- Ruler: 1431 CE - 1443 CE
- Predecessor: Padmasimha
- Successor: Harasimha
- Born: Vishwasa Mithila
- Husband: Padmasimha

Names
- Viśvasadevi

Regnal name
- Maharani Vishwasa Devi
- House: Mithila Kingdom
- Dynasty: Oiniwar Dynasty
- Religion: Hinduism
- Occupation: Queen; Ruler of Tirhut Sarkar; Scholar of Sanskrit literature;

= Vishwasa Devi =

Queen of Mithila

Vishwasa Devi (Maithili: विश्वास देवी, Romanised: Viśvasadevi) was the queen of the Mithila Kingdom in the Oiniwar Dynasty during the 15th-century. She ascended the throne of the Mithila Kingdom after the death of the King Padmasimha. She ruled the kingdom for twelve years since 1431 CE to 1443 CE. She was the tenth ruler in the Oiniwar Dynasty of the Kingdom. Apart from being the ruler of the kingdom, she was also an eminent scholar of the Sanskrit literature.

== Later life ==
Her names in different historical documents are written with slightly different spelling. They are Vishwasa Devi, Viśvasadevi, Visvasadevi and Viswavasa Devi. She was married to the King Padmasimha of the Oiniwar Dynasty in Mithila. Padmasimha was the brother of the King Shivasimha in Mithila. After the marriage with King Padmasimha, she became the queen of the kingdom. The king Padmasimha later died in 1431 CE without having a child. Since the king was childless so after the death of the king, the queen Vishwasa Devi took control on the territory and ascended the throne of the kingdom in 1431 CE. She ruled the kingdom for 12 years till 1443 CE. She was the second queen in the Oiniwar Dynasty after the queen Lakhimadevi, who ascended the throne of the kingdom and ruled the territory.

== Rule and legacy ==
The queen Vishwasa Devi established a new village Visual in the kingdom after her name. Then she transferred the capital of the Mithila Kingdom from Padma to the newly established village Visual.

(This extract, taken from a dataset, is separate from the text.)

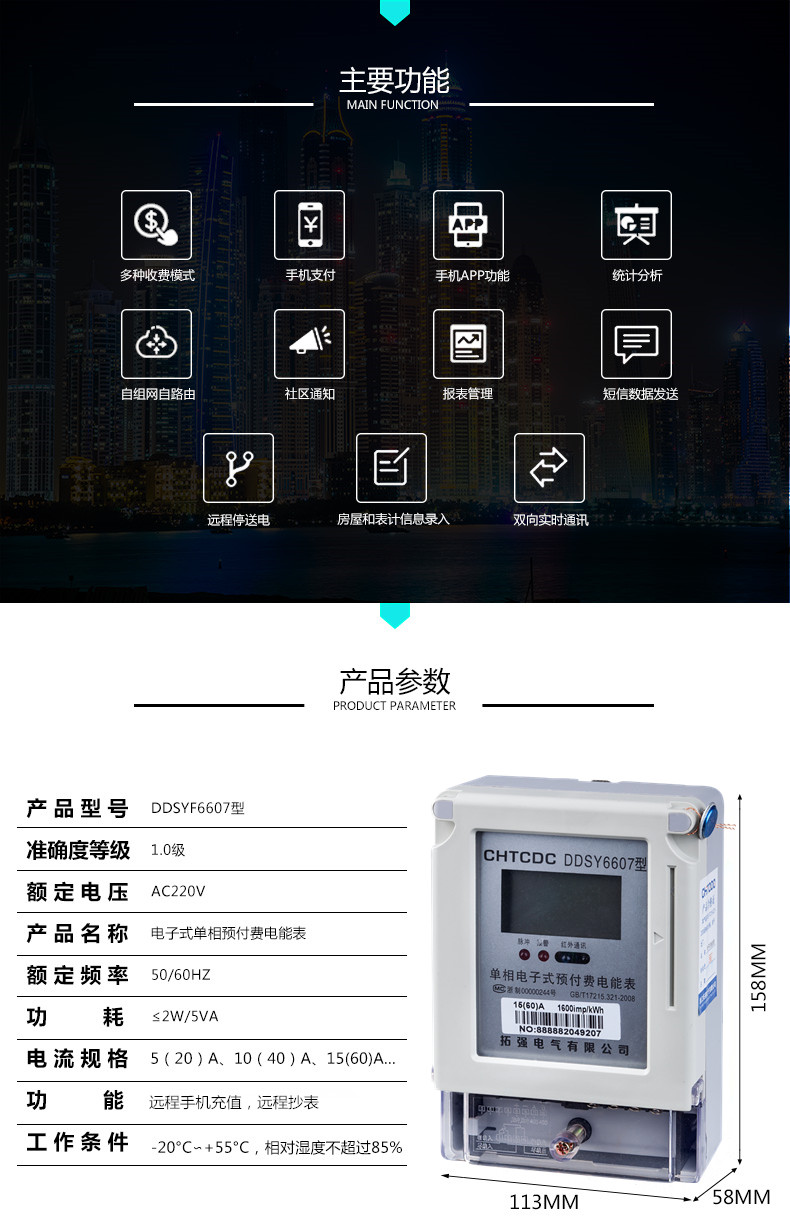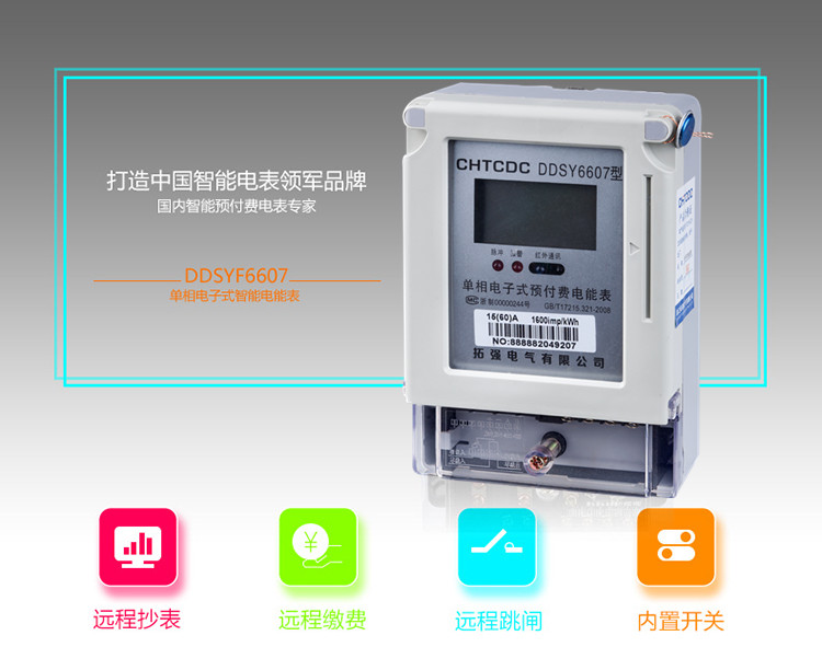 產品符合GB/T17215.321-2008《1級和2級靜止式交流有功電能表》和GB/T 18460.3-2001 《IC卡預付費售電系統第3部分:預付費電能表》的全部技術要求。本儀表符合GB/T 17215.321-2008和 485通訊 DL/T 645-1997/2007標準。具有485跟紅外通訊,遠程拉合閘斷電送電,遠程充值,遠程抄表,無需連線,電表安裝好連接wifi即可遠程控制。

During her regime, she patronised the scholars in the kingdom. Her royal court became the centre for the gathering of eminent scholars just like the court of the King Janaka in Ramayana. She organised a notable Yajna known as Chatuscharan Yajna at her royal court where large numbers of scholars gathered. In the Yajna, fourteen hundred Mimansa scholars alone were invited by the queen Vishwasa Devi.

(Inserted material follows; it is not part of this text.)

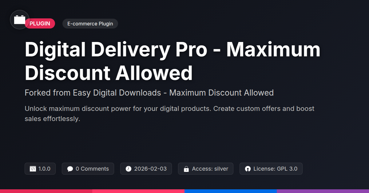 GrootMade is NOT affiliated with Easy Digital Downloads - Maximum Discount Allowed or its original author. Easy Digital Downloads - Maximum Discount Allowed™ is a trademark of its respective owner and use of it does not imply any endorsement or affiliation. This product has been forked under the GNU General Public License (GPL) and all non-GPL assets (such as proprietary images, fonts, and branding) have been removed. Distributing GPL-licensed code is 100% legal.

The queen Vishwasa Devi also patronised the Maithil scholar Vidyapati at her royal court. The Maithil scholar Vidyapati composed his literary work Saiva-Sarvasva-Sara on the behest of the queen Vishwasa Devi, which gives account of the histories of the kings of the Oiniwar Dynasty. The literary work Saiva-Sarvasva-Sara is attributed to the queen Vishwasa Devi and deals with the matters of worship of Lord Shiva. Similarly Vidyapati also composed another literary work attributed to the queen Vishwasa Devi known as Gangāvākyāvalī, which deals with the rituals and practices related to worship of the holy river Ganges.

Vishwasa Devi as a queen was a powerful leader of men. Similarly as a scholar she was a champion of defeating many great scholars of her age. She was also compared with the Upanashadic woman scholar Brahmvadini Gargi Vachaknavi for her scholarly wisdom.